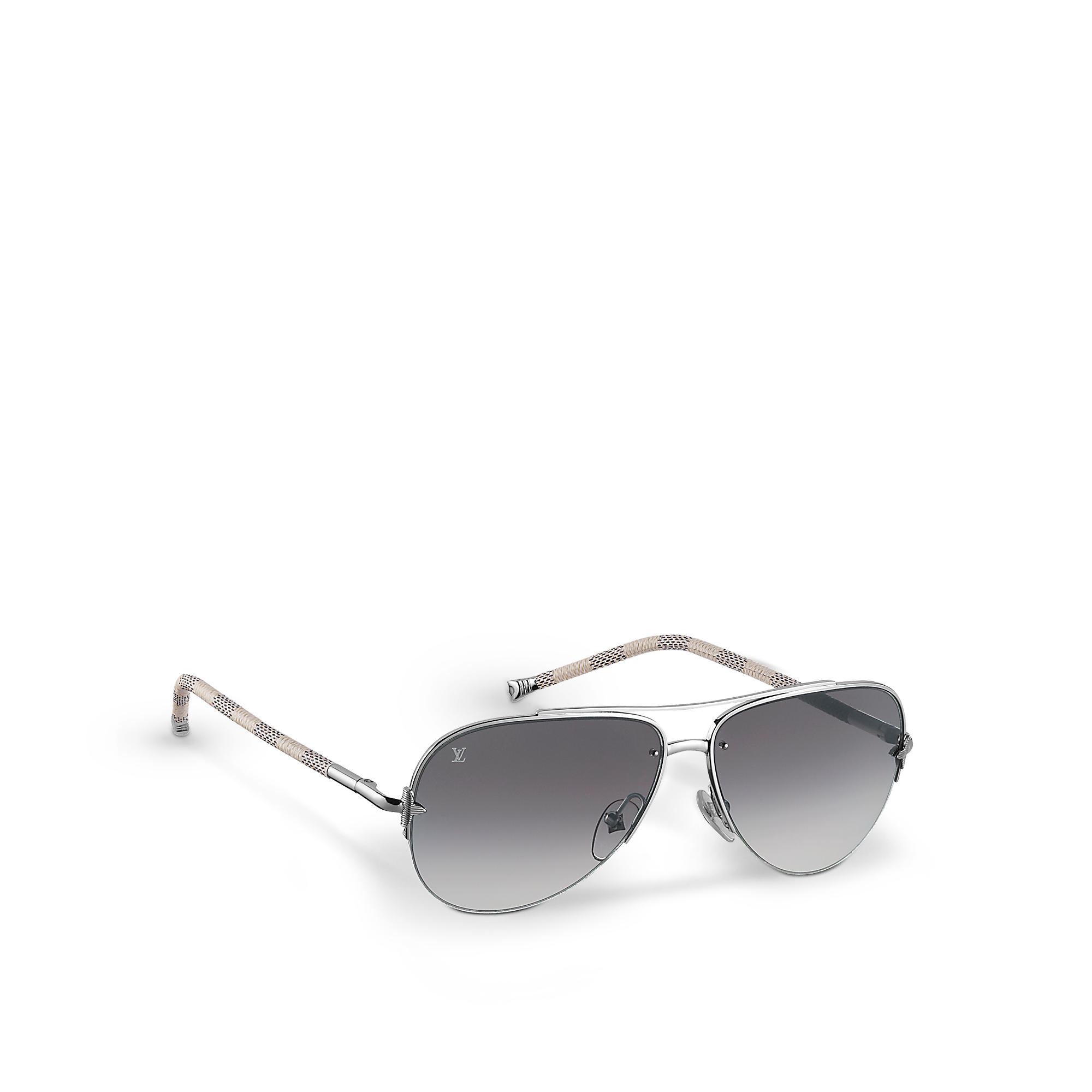 A smaller, feminine interpretation of the classic aviator shape, these stylish half-rimmed sunglasses feature a metal frame partially covered in Louis Vuitton’s iconic Monogram and Damier Azur canvases.
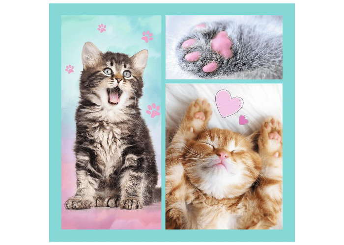 Три пазли різного розміру зображують милих кішечок. Завдяки різноманітній кількості елементів пазли принесуть задоволення як дітям молодшого віку, так і дітям трохи старше.
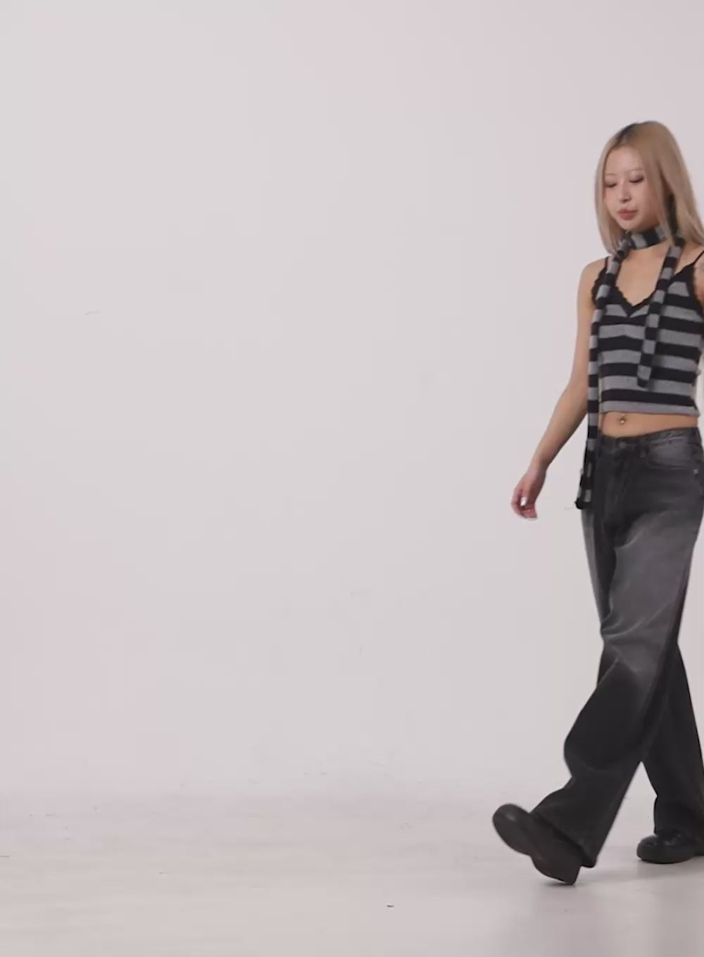 striped-lace-trim-cami-scarf-set-cj507 / Dark gray
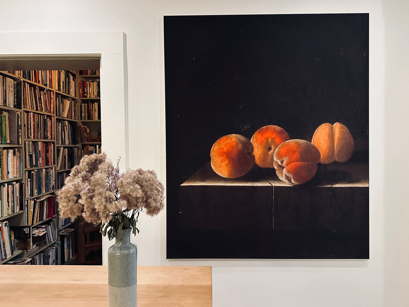 “Four Apricots on a Stone Plinth, a warm and inviting 1698 still life, is not only the focal point of my kitchen, but makes me smile every time I look at it. The matte finish of the fabric on which it is printed produces a depth and vibrancy far beyond what a traditional painting can provide. Even on a dreary day it glows with life. And everyone who sees it immediately wants to take it home with them!”
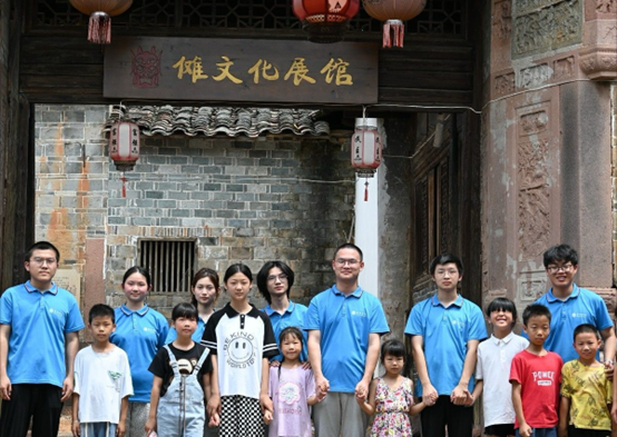 图为傩舞文化馆前与留守儿童的合照 大学生网报通讯员
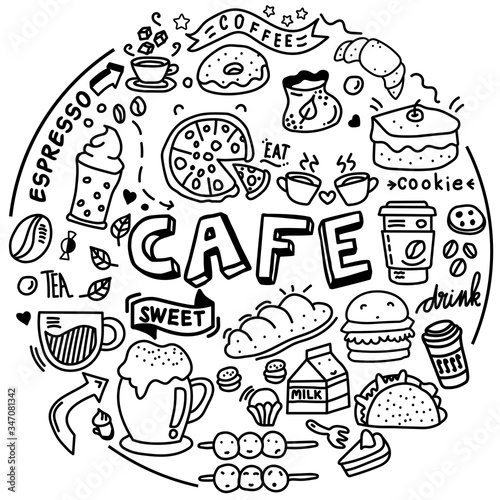Cafe doodle template design, hand drawn sketchy vector symbols and objects, vector elements of coffee, cupcakes, dessert, coffee cups, restaurant wall doodle, vector food art, paper and any ideas
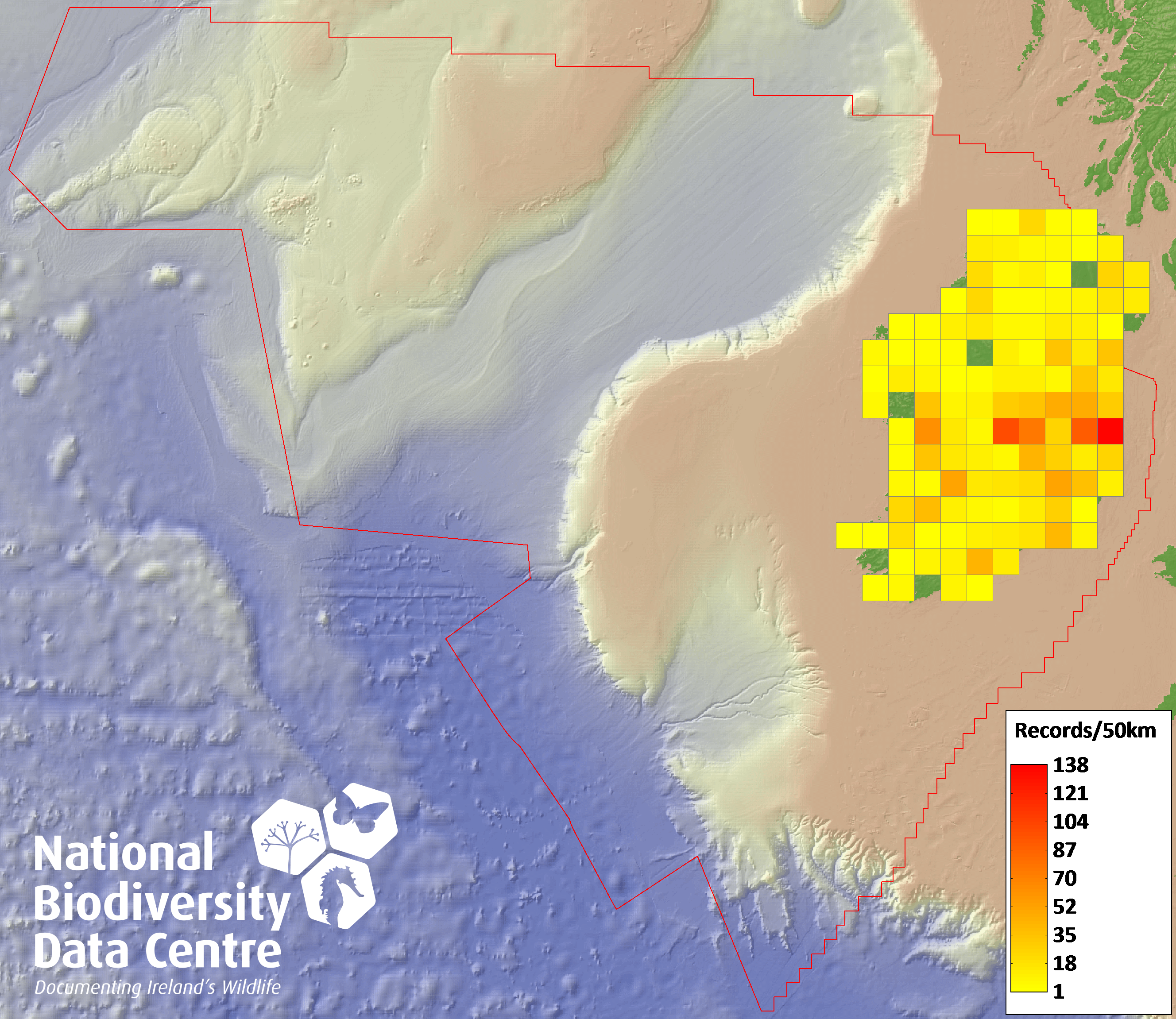 Distribution of the number of records recorded within each 10km grid square (ITM).Marine Map - 50km
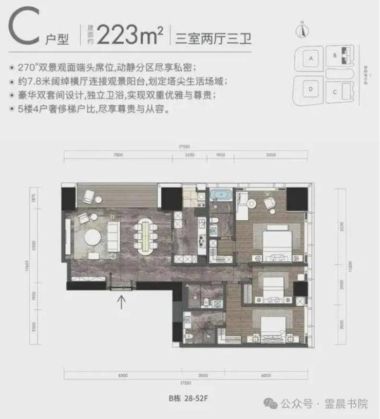 C户型:约223㎡3房2厅3卫:B栋28-52F(高区),东朝向
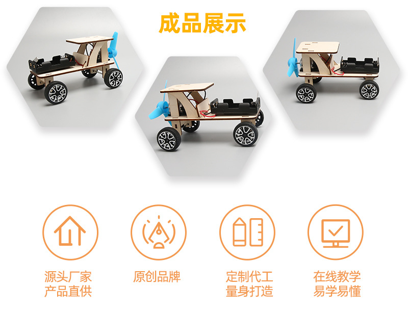 공기 역학적 자동차 전기 풍력 자동차 조립형 기술 소형 DIY 수제품 소재 패키지
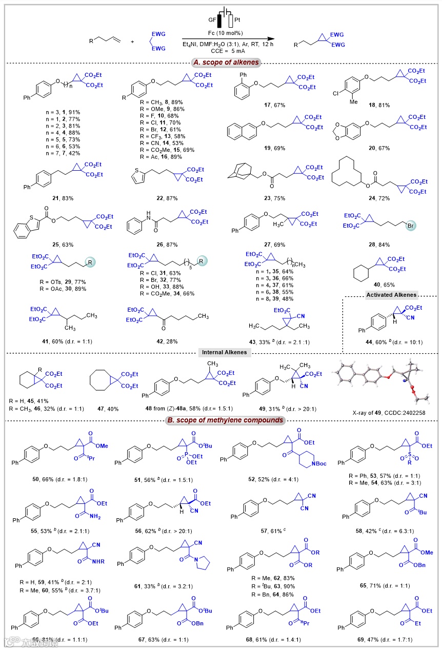 【有机】南开大学仇友爱课题组Angew:电化学未活化烯烃环丙烷化反应
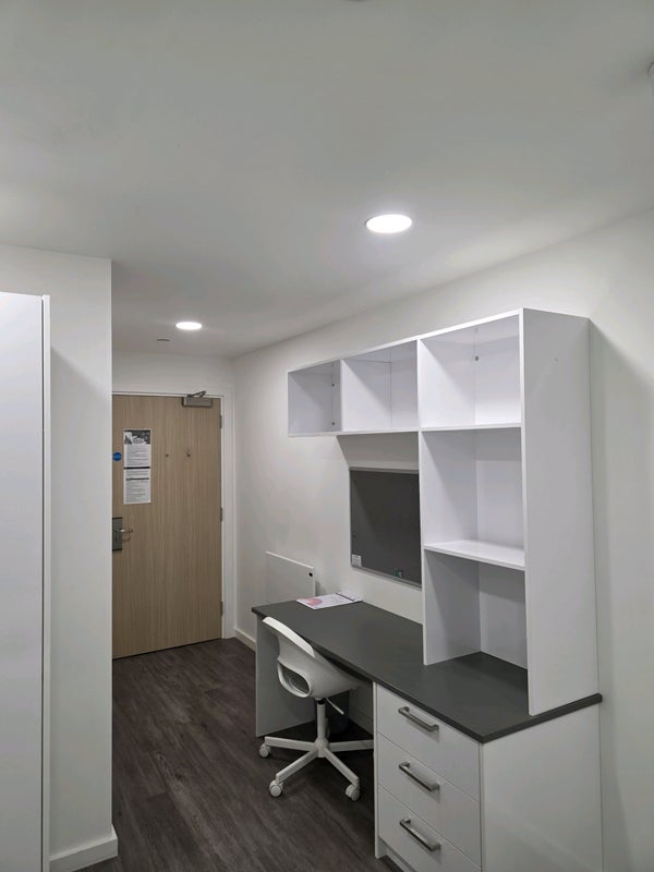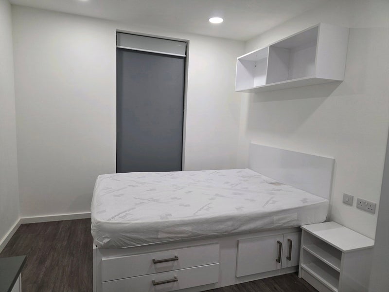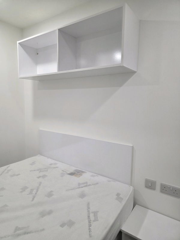A cosy double-size bed (With a mattress protector provided) with under-bed storage to keep your belongings organised.
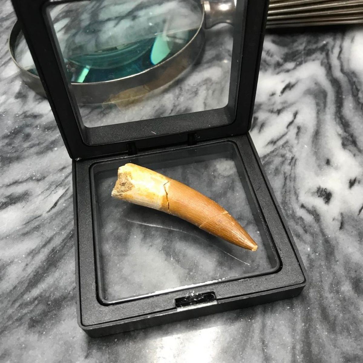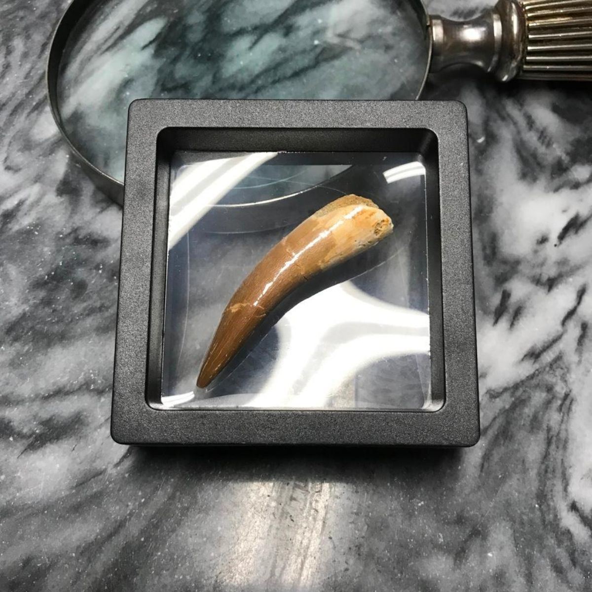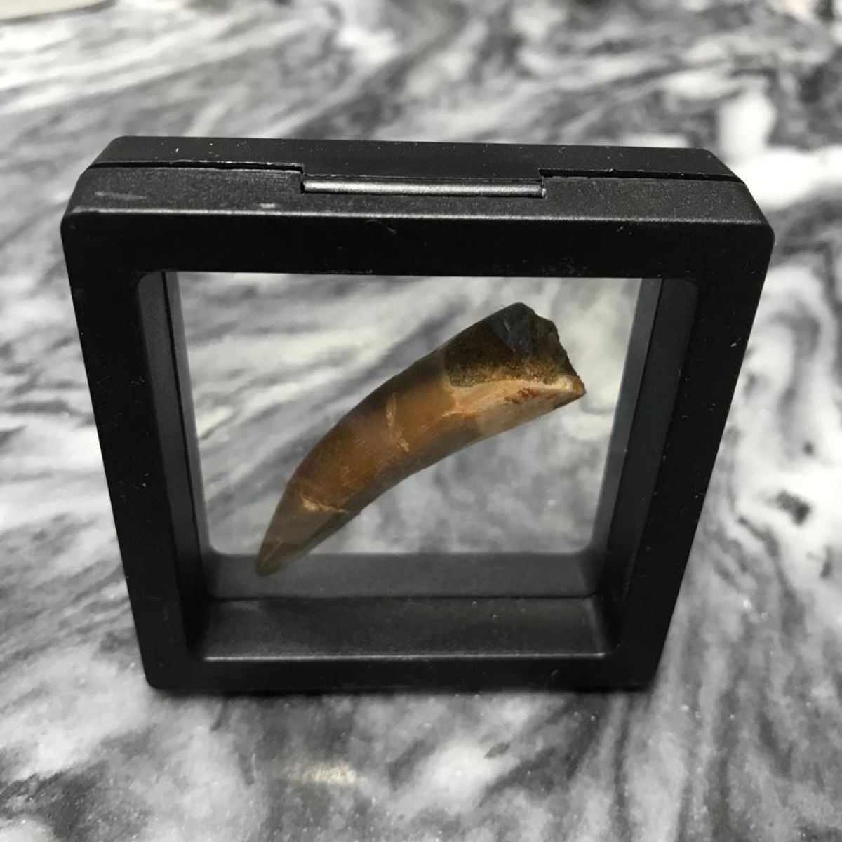 Rare & natural Zarafasaura Oceanis tooth fossil, from the late Cretaceous Era, 72 to 66 million years ago, quarried in the Oulad Abdoun Basin, Morocco. The tooth measures around 5.25cm or 2 1/16" at its biggest, & came out of the Earth in two or more pieces and was repaired. Comes in museum display case. The Plesiosaur Zarafasaura Oceanis was a marine reptile predator that roamed the Earth's seas during the age of the dinosaurs and grew to around 7 meters or 23 feet in length. Â
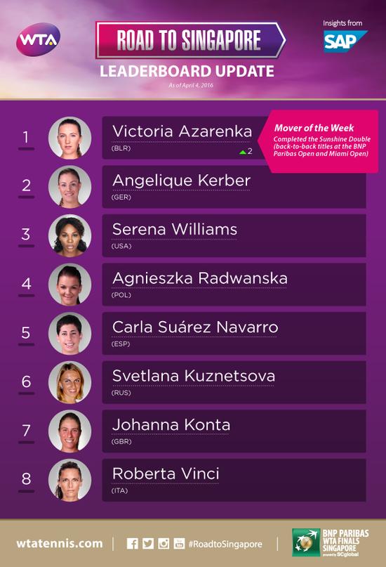 就在一年前,受伤病影响状态不稳的阿扎伦卡世界排名一度跌至第50位。现在,在收获了迈阿密公开赛女单冠军后,白俄罗斯人的世界排名是在2014年以来首次重回前五,并且在“迈向新加坡(RTS)”积分榜上升至榜首位置。
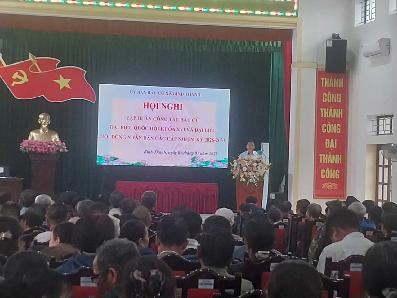 Sáng ngày 09/3/2026, được sự đồng ý của Đảng ủy và Ủy ban MTTQ Việt Nam xã Bình Thanh, tại Nhà văn hóa xã Bình Thanh, Hội Cựu chiến binh, Hội Nông dân và Đoàn Thanh niên xã đã phối hợp tổ chức Hội nghị tuyên truyền về công tác bầu cử đại biểu Quốc hội khóa XVI và đại biểu Hội đồng nhân dân các cấp nhiệm kỳ 2026 – 2031.
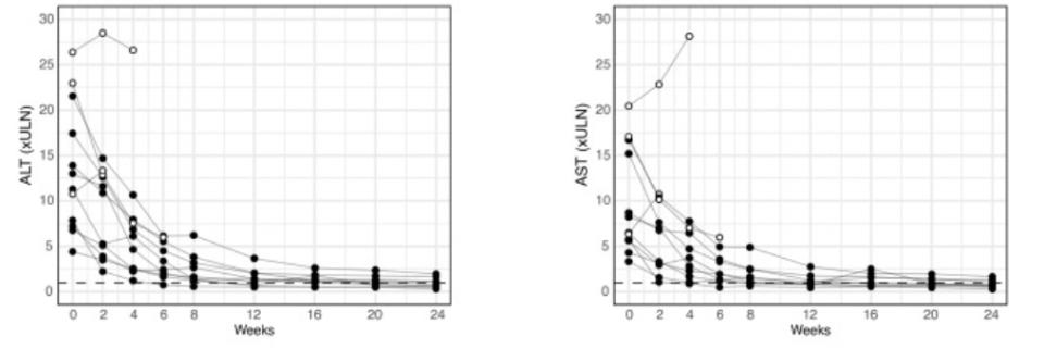 在临床试验中,12名新诊断的AIH患者接受了为期24周的英夫利昔单抗治疗。结果显示,2名患者在第24周达到了完全的生化缓解(ALT和AST正常化),所有患者的转氨酶水平显著下降。此外,英夫利昔单抗治疗还显著降低了肝硬度,表明其在减少肝脏炎症和纤维化方面的有效性。
════════════════════
A word-for-word copy of the listing is needed, with no pictures in it.

The completed task –
 A smaller, feminine interpretation of the classic aviator shape, these stylish half-rimmed sunglasses feature a metal frame partially covered in Louis Vuitton’s iconic Monogram and Damier Azur canvases.
 Три пазли різного розміру зображують милих кішечок. Завдяки різноманітній кількості елементів пазли принесуть задоволення як дітям молодшого віку, так і дітям трохи старше.
 striped-lace-trim-cami-scarf-set-cj507 / Dark gray
 “Four Apricots on a Stone Plinth, a warm and inviting 1698 still life, is not only the focal point of my kitchen, but makes me smile every time I look at it. The matte finish of the fabric on which it is printed produces a depth and vibrancy far beyond what a traditional painting can provide. Even on a dreary day it glows with life. And everyone who sees it immediately wants to take it home with them!”
 图为傩舞文化馆前与留守儿童的合照 大学生网报通讯员
Cafe doodle template design, hand drawn sketchy vector symbols and objects, vector elements of coffee, cupcakes, dessert, coffee cups, restaurant wall doodle, vector food art, paper and any ideas
 Distribution of the number of records recorded within each 10km grid square (ITM).Marine Map - 50km
 C户型:约223㎡3房2厅3卫:B栋28-52F(高区),东朝向
 공기 역학적 자동차 전기 풍력 자동차 조립형 기술 소형 DIY 수제품 소재 패키지
 【有机】南开大学仇友爱课题组Angew:电化学未活化烯烃环丙烷化反应
A cosy double-size bed (With a mattress protector provided) with under-bed storage to keep your belongings organised.
 Rare & natural Zarafasaura Oceanis tooth fossil, from the late Cretaceous Era, 72 to 66 million years ago, quarried in the Oulad Abdoun Basin, Morocco. The tooth measures around 5.25cm or 2 1/16" at its biggest, & came out of the Earth in two or more pieces and was repaired. Comes in museum display case. The Plesiosaur Zarafasaura Oceanis was a marine reptile predator that roamed the Earth's seas during the age of the dinosaurs and grew to around 7 meters or 23 feet in length. Â
 就在一年前,受伤病影响状态不稳的阿扎伦卡世界排名一度跌至第50位。现在,在收获了迈阿密公开赛女单冠军后,白俄罗斯人的世界排名是在2014年以来首次重回前五,并且在“迈向新加坡(RTS)”积分榜上升至榜首位置。
 Sáng ngày 09/3/2026, được sự đồng ý của Đảng ủy và Ủy ban MTTQ Việt Nam xã Bình Thanh, tại Nhà văn hóa xã Bình Thanh, Hội Cựu chiến binh, Hội Nông dân và Đoàn Thanh niên xã đã phối hợp tổ chức Hội nghị tuyên truyền về công tác bầu cử đại biểu Quốc hội khóa XVI và đại biểu Hội đồng nhân dân các cấp nhiệm kỳ 2026 – 2031.
 在临床试验中,12名新诊断的AIH患者接受了为期24周的英夫利昔单抗治疗。结果显示,2名患者在第24周达到了完全的生化缓解(ALT和AST正常化),所有患者的转氨酶水平显著下降。此外,英夫利昔单抗治疗还显著降低了肝硬度,表明其在减少肝脏炎症和纤维化方面的有效性。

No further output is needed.